Holsey, 74, has spent most of her years in Vernonia. "Fifty," she said at first. Then she waffled. "Maybe more." Well, definitely more.

On Thursday morning, Holsey was working at the Senior Thrift Store, just across the street from Vernonia High School, one of the schools damaged in the flood and the school Holsey once attended.

Her friend Pat Ray, also 74, walked over as she spoke. The two went to high school together. Ray's been here since 1941.

The school's important, Ray said, but "there's so many of who still need to have our houses lifted."

That's not lost on anybody. Harrison, the mayor, calls the school "just step one."

Yes, nearly 100 homes have been raised up off the ground, safe from future floods. Another 40 have been torn down.
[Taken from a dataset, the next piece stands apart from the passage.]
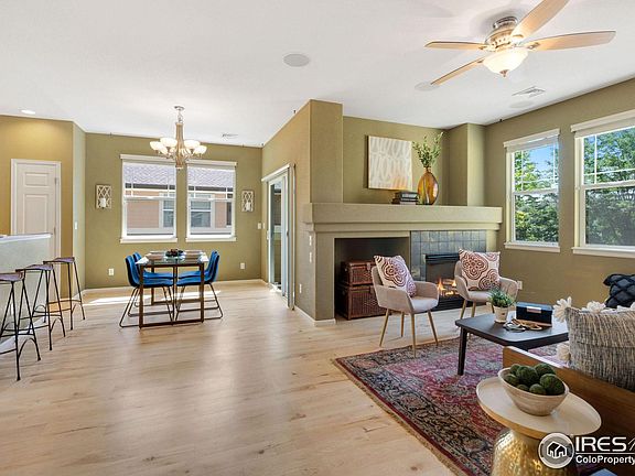 A rare opportunity to own one of the beautiful Triple Crown townhomes at Observatory Village. This former model boasts stunning wood floors, a well appointed kitchen with stainless appliances and granite counters, a gas fireplace, two outdoor living spaces (one of which is a private deck off of the master), and a fully insulated and finished 2 car garage. HOA maintains the yard! This location is everything and won't disappoint. SE Fort Collins is right in the middle of the newest shopping and dining, routes to sought after schools, and is close to trails and parks, This home comes with membership to the Observatory Village Pool!

And yes, there are streets like Heather Lane, full of brightly colored homes and bikes resting on heaps of fallen leaves, that you'd never imagine were underwater three years ago.

But there are still a number of homes standing on Jenga-like piles of wood, and others that are staying put because the owners can't afford the hefty cost of a raise -- some $30,000 in most cases.

But progress is progress.

"Three years ago, exactly tomorrow, we stood here at this very spot, shocked and saddened," Kulongoski said Thursday at the groundbreaking ceremony. "The rains and winds seemed to sweep away every part of this community."

But, the community has come together to rebuild, he said. "You are the best of Oregon."

After the groundbreaking, Kulongoski made his way to Vernonia's Washington Grade School for an assembly.

On the marquee in front of the red brick building was a message: "Thank you for our new schools."